COMPUTER 101 may take the form of a desktop computer, laptop computer, tablet computer, smart phone, smart watch or other wearable computer, mainframe computer, quantum computer or any other form of computer or mobile device now known or to be developed in the future that is capable of running a program, accessing a network or querying a database, such as remote database 130. As is well understood in the art of computer technology, and depending upon the technology, performance of a computer-implemented method may be distributed among multiple computers and/or between multiple locations. On the other hand, in this presentation of computing environment 100, detailed discussion is focused on a single computer, specifically computer 101, to keep the presentation as simple as possible. Computer 101 may be located in a cloud, even though it is not shown in a cloud in FIG. 1. On the other hand, computer 101 is not required to be in a cloud except to any extent as may be affirmatively indicated.

PROCESSOR SET 110 includes one, or more, computer processors of any type now known or to be developed in the future. Processing circuitry 120 may be distributed over multiple packages, for example, multiple, coordinated integrated circuit chips. Processing circuitry 120 may implement multiple processor threads and/or multiple processor cores. Cache 121 is memory that is located in the processor chip package(s) and is typically used for data or code that should be available for rapid access by the threads or cores running on processor set 110. Cache memories are typically organized into multiple levels depending upon relative proximity to the processing circuitry. Alternatively, some, or all, of the cache for the processor set may be located “off chip.” In some computing environments, processor set 110 may be designed for working with qubits and performing quantum computing.

Computer readable program instructions are typically loaded onto computer 101 to cause a series of operational steps to be performed by processor set 110 of computer 101 and thereby effect a computer-implemented method, such that the instructions thus executed will instantiate the methods specified in flowcharts and/or narrative descriptions of computer-implemented methods included in this document (collectively referred to as “the inventive methods”). These computer readable program instructions are stored in various types of computer readable storage media, such as cache 121 and the other storage media discussed below. The program instructions, and associated data, are accessed by processor set 110 to control and direct performance of the inventive methods. In computing environment 100, at least some of the instructions for performing the inventive methods may be stored in block 200 in persistent storage 113.

COMMUNICATION FABRIC 111 is the signal conduction path that allows the various components of computer 101 to communicate with each other. Typically, this fabric is made of switches and electrically conductive paths, such as the switches and electrically conductive paths that make up busses, bridges, physical input/output ports and the like. Other types of signal communication paths may be used, such as fiber optic communication paths and/or wireless communication paths.

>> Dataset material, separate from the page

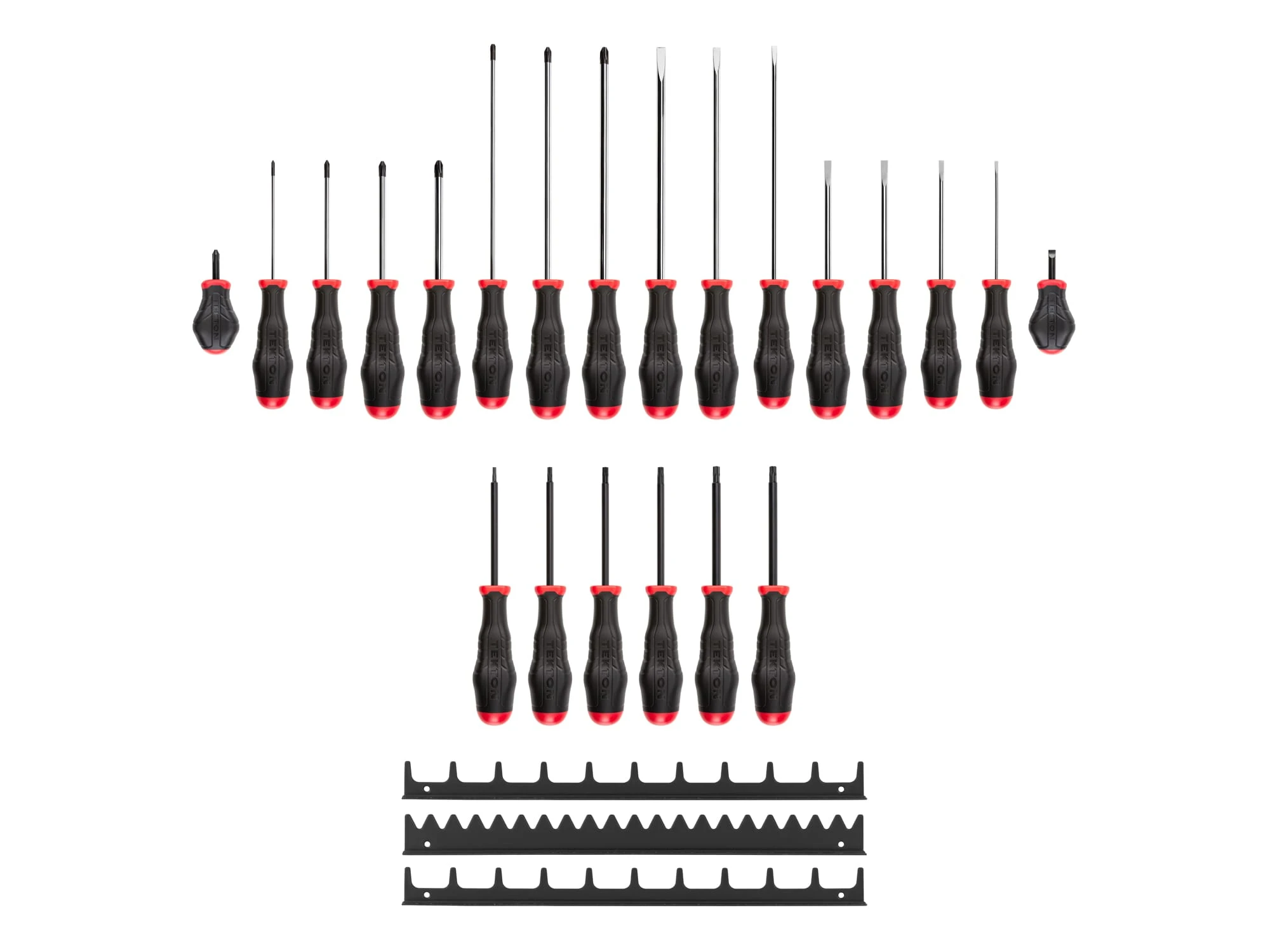 TEKTON [3]High-Torque Screwdriver Set With Black Rails, 22-Piece (#0-#3, 1/8-5/16 In., T10-T30)
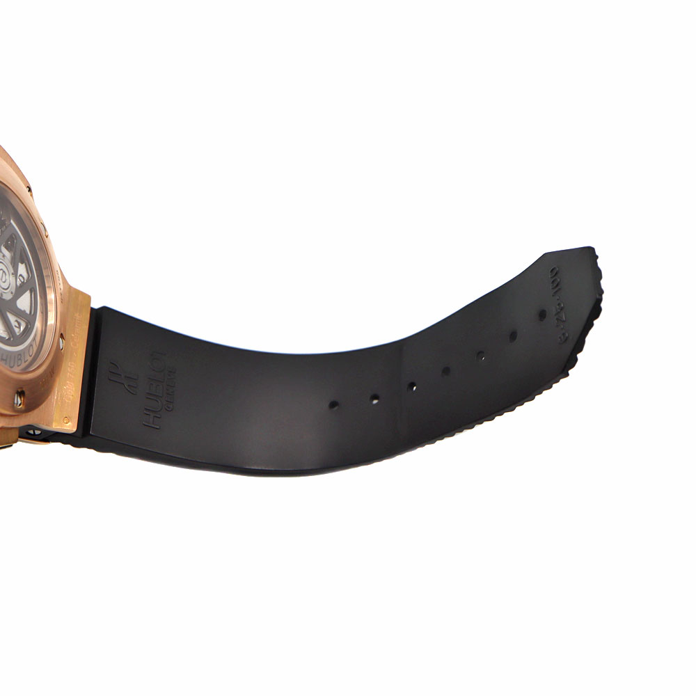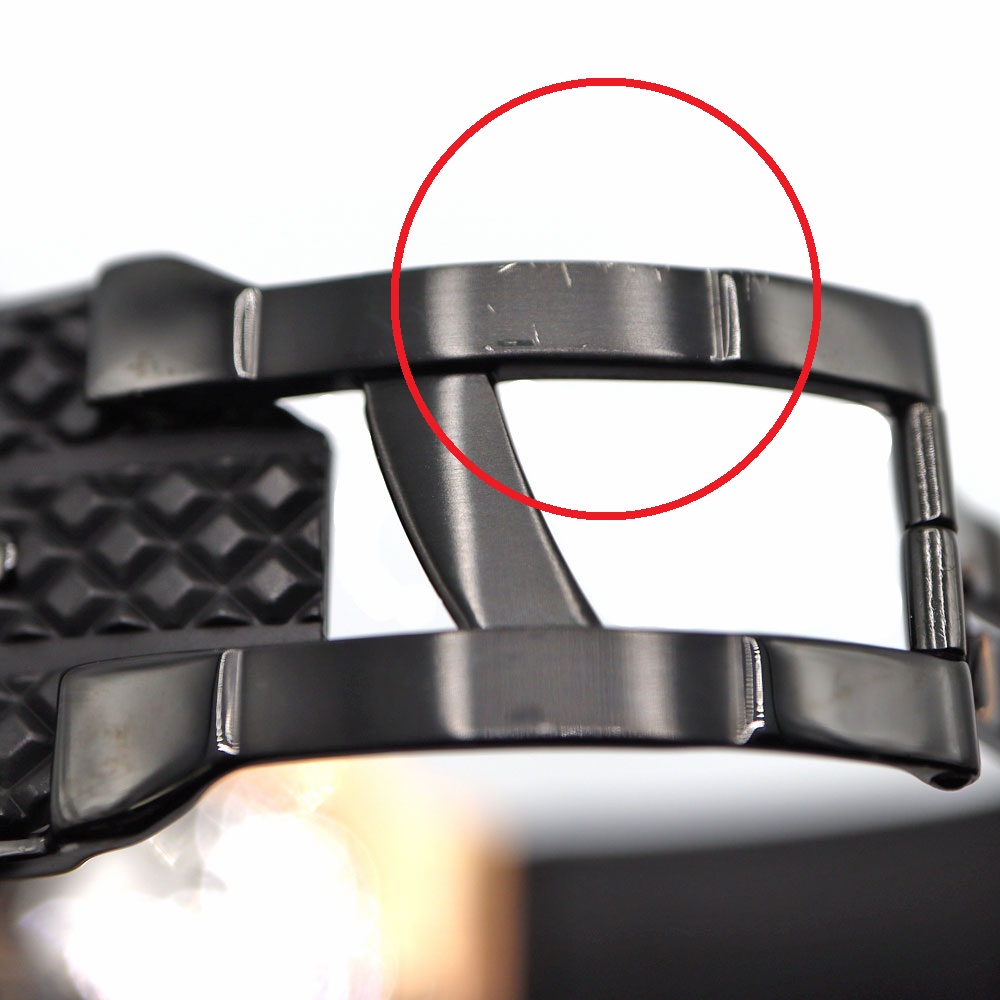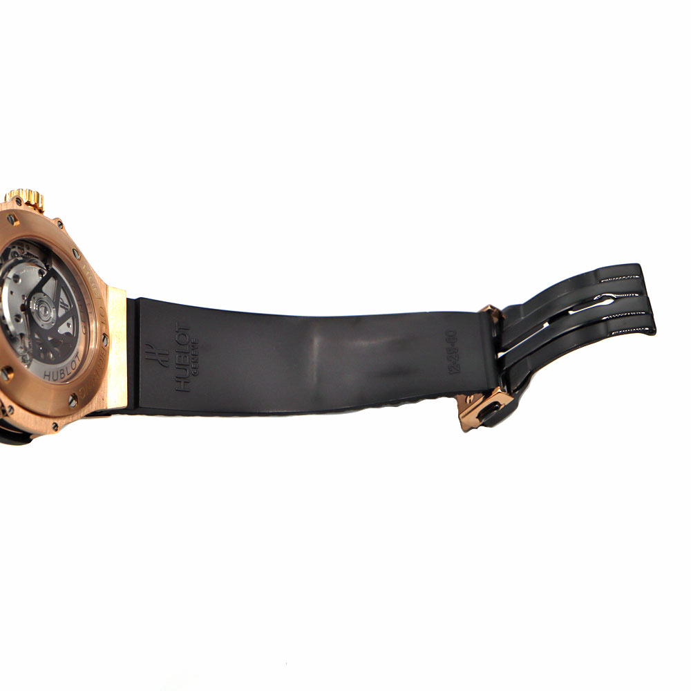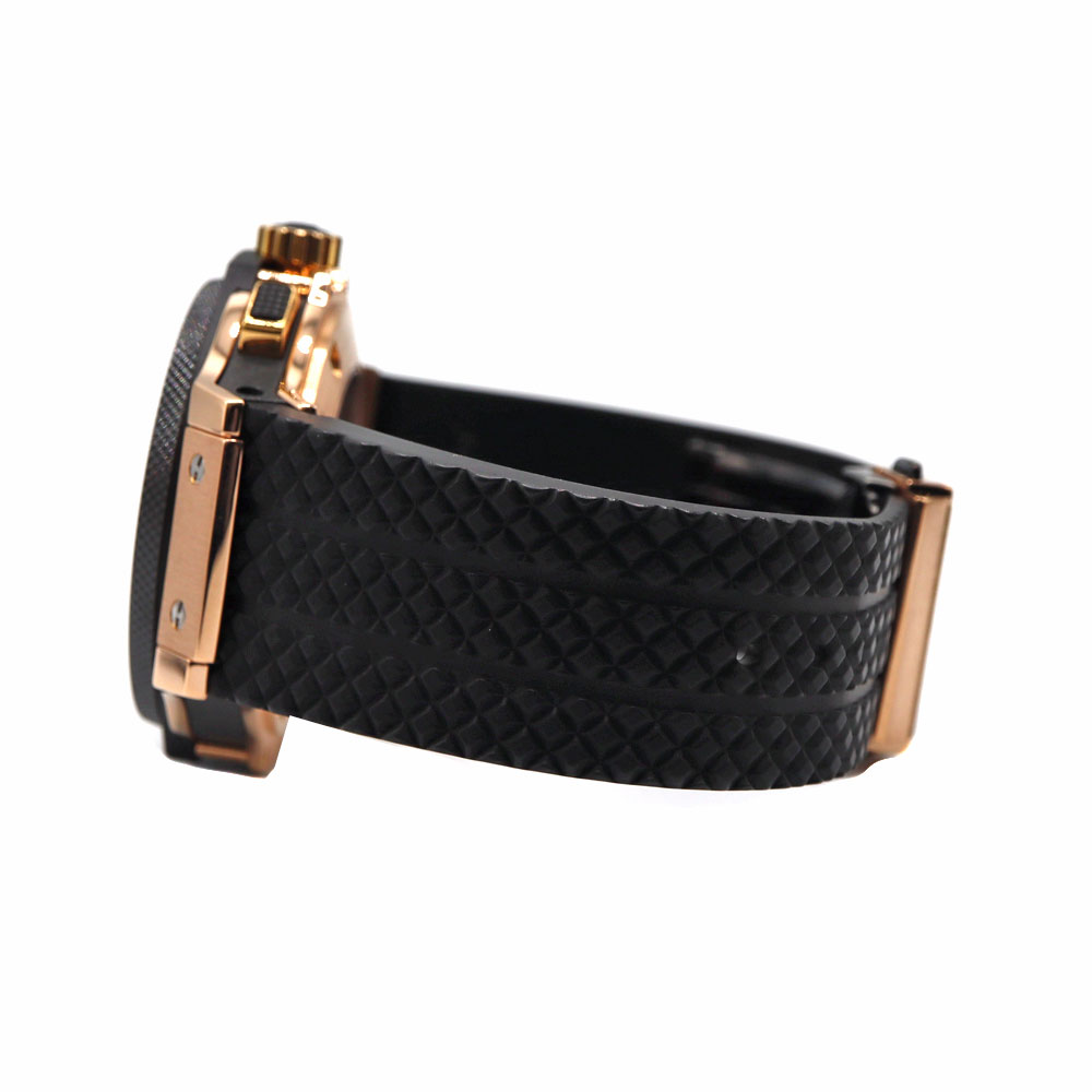 異素材を組み合わせることをコンセプトとしたウブロの時計。このモデルでもセラミック、ゴールド、ラバー、カーボンなど様々な素材が組み合わさっています。 裏スケになっていてウブロの機械を鑑賞することができます。

VOLATILE MEMORY 112 is any type of volatile memory now known or to be developed in the future. Examples include dynamic type random access memory (RAM) or static type RAM. Typically, volatile memory 112 is characterized by random access, but this is not required unless affirmatively indicated. In computer 101, the volatile memory 112 is located in a single package and is internal to computer 101, but, alternatively or additionally, the volatile memory may be distributed over multiple packages and/or located externally with respect to computer 101.

PERSISTENT STORAGE 113 is any form of non-volatile storage for computers that is now known or to be developed in the future. The non-volatility of this storage means that the stored data is maintained regardless of whether power is being supplied to computer 101 and/or directly to persistent storage 113. Persistent storage 113 may be a read only memory (ROM), but typically at least a portion of the persistent storage allows writing of data, deletion of data and re-writing of data. Some familiar forms of persistent storage include magnetic disks and solid state storage devices. Operating system 122 may take several forms, such as various known proprietary operating systems or open source Portable Operating System Interface-type operating systems that employ a kernel. The code included in block 200 typically includes at least some of the computer code involved in performing the inventive methods.

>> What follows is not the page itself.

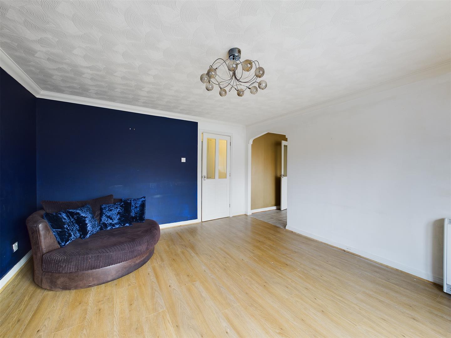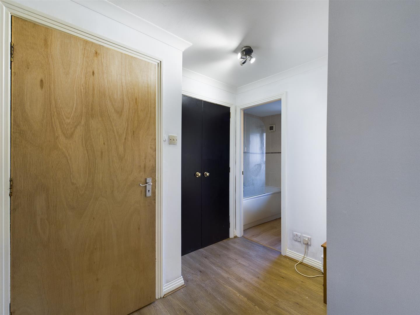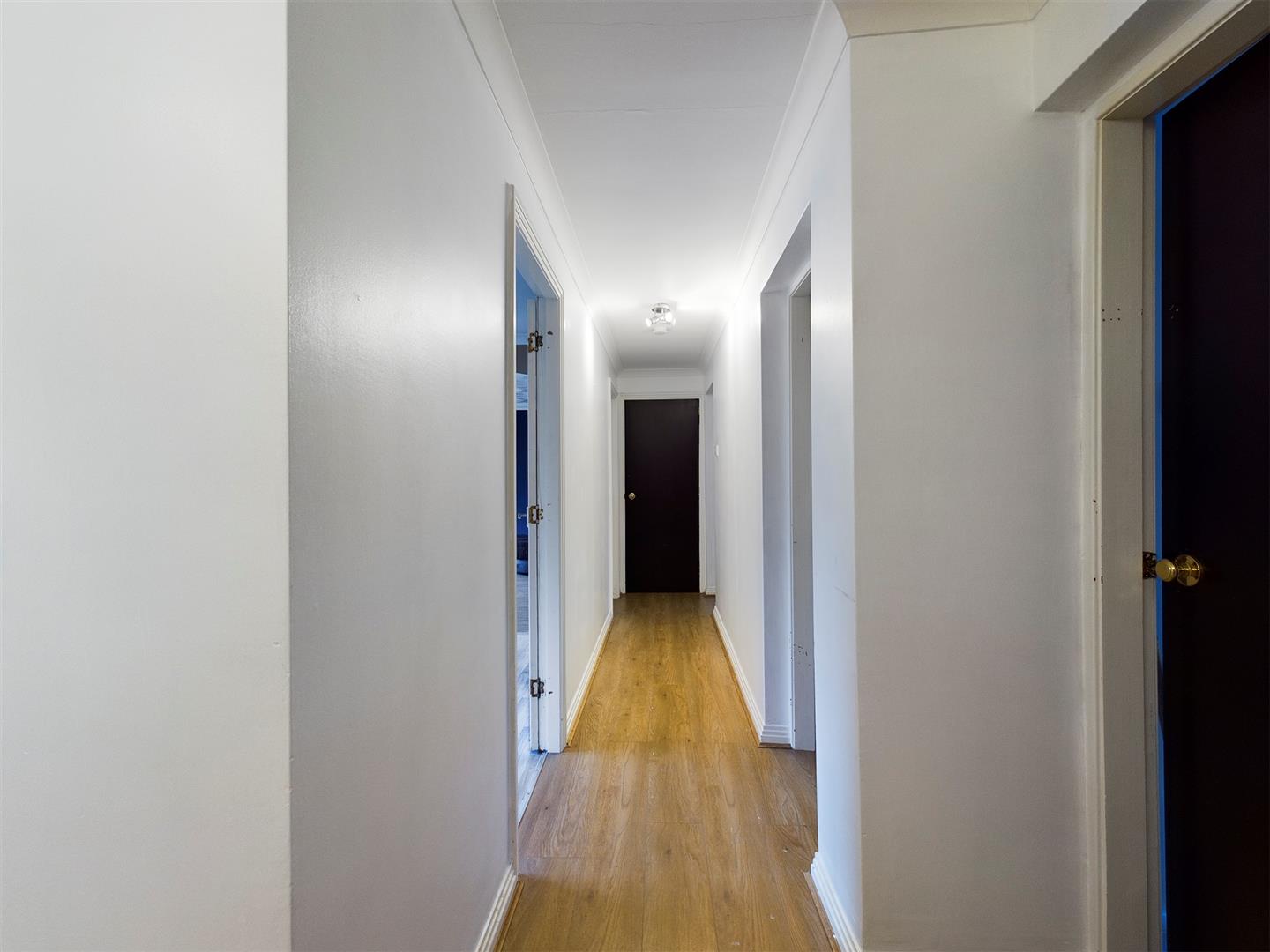 Spacious hallway with neutral decor, laminate flooring and access to all rooms within the property.

PERIPHERAL DEVICE SET 114 includes the set of peripheral devices of computer 101. Data communication connections between the peripheral devices and the other components of computer 101 may be implemented in various ways, such as Bluetooth connections, Near-Field Communication (NFC) connections, connections made by cables (such as universal serial bus (USB) type cables), insertion-type connections (for example, secure digital (SD) card), connections made through local area communication networks and even connections made through wide area networks such as the internet. In various embodiments, UI device set 123 may include components such as a display screen, speaker, microphone, wearable devices (such as goggles and smart watches), keyboard, mouse, printer, touchpad, game controllers, and haptic devices. Storage 124 is external storage, such as an external hard drive, or insertable storage, such as an SD card. Storage 124 may be persistent and/or volatile. In some embodiments, storage 124 may take the form of a quantum computing storage device for storing data in the form of qubits. In embodiments where computer 101 is required to have a large amount of storage (for example, where computer 101 locally stores and manages a large database) then this storage may be provided by peripheral storage devices designed for storing very large amounts of data, such as a storage area network (SAN) that is shared by multiple, geographically distributed computers. IoT sensor set 125 is made up of sensors that can be used in Internet of Things applications. For example, one sensor may be a thermometer and another sensor may be a motion detector.

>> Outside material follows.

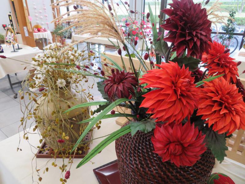 10月後半の館内展示は、高畠町塩森出身、現在山形市在住の漆山 文子(うるしやま ふみこ)さんの作品展、「樹脂粘土と布あそび」 です。30年余り前に本を見ながら紙粘土で壁掛け人形を作ったのがきっかけで、退職後、樹脂創作粘土に出会い、その後14年余り趣味で製作されているそうです。展示されている粘土細工は、ガラス、金属、陶器以外はすべて樹脂粘土による作品で、花弁はもちろん葉や茎に至るまで粘土で作り、油絵の具で色付けしているとのこと。布で作る「押絵」も製作しているそうです。心がなごみ、本物と見間違うほどの素晴らしい作品の数々を、みなさんぜひご覧ください♪●期間 令和5年10月17日(火)〜 30日(月)●時間 9:00〜17:30
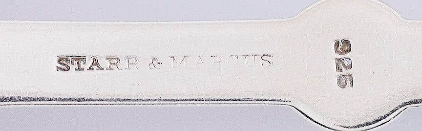 This piece is stamped on the stem with the retailer's mark for Starr & Marcus as well as 925 for sterling silver. Wendt often stamped his flatware with just the 925 mark. This pattern is known to have been made by John Wendt.

NETWORK MODULE 115 is the collection of computer software, hardware, and firmware that allows computer 101 to communicate with other computers through WAN 102. Network module 115 may include hardware, such as modems or Wi-Fi signal transceivers, software for packetizing and/or de-packetizing data for communication network transmission, and/or web browser software for communicating data over the internet. In some embodiments, network control functions and network forwarding functions of network module 115 are performed on the same physical hardware device. In other embodiments (for example, embodiments that utilize software-defined networking (SDN)), the control functions and the forwarding functions of network module 115 are performed on physically separate devices, such that the control functions manage several different network hardware devices. Computer readable program instructions for performing the inventive methods can typically be downloaded to computer 101 from an external computer or external storage device through a network adapter card or network interface included in network module 115.

WAN 102 is any wide area network (for example, the internet) capable of communicating computer data over non-local distances by any technology for communicating computer data, now known or to be developed in the future. In some embodiments, the WAN 102 may be replaced and/or supplemented by local area networks (LANs) designed to communicate data between devices located in a local area, such as a Wi-Fi network. The WAN and/or LANs typically include computer hardware such as copper transmission cables, optical transmission fibers, wireless transmission, routers, firewalls, switches, gateway computers and edge servers.

END USER DEVICE (EUD) 103 is any computer system that is used and controlled by an end user (for example, a customer of an enterprise that operates computer 101), and may take any of the forms discussed above in connection with computer 101. EUD 103 typically receives helpful and useful data from the operations of computer 101. For example, in a hypothetical case where computer 101 is designed to provide a recommendation to an end user, this recommendation would typically be communicated from network module 115 of computer 101 through WAN 102 to EUD 103. In this way, EUD 103 can display, or otherwise present, the recommendation to an end user. In some embodiments, EUD 103 may be a client device, such as thin client, heavy client, mainframe computer, desktop computer and so on.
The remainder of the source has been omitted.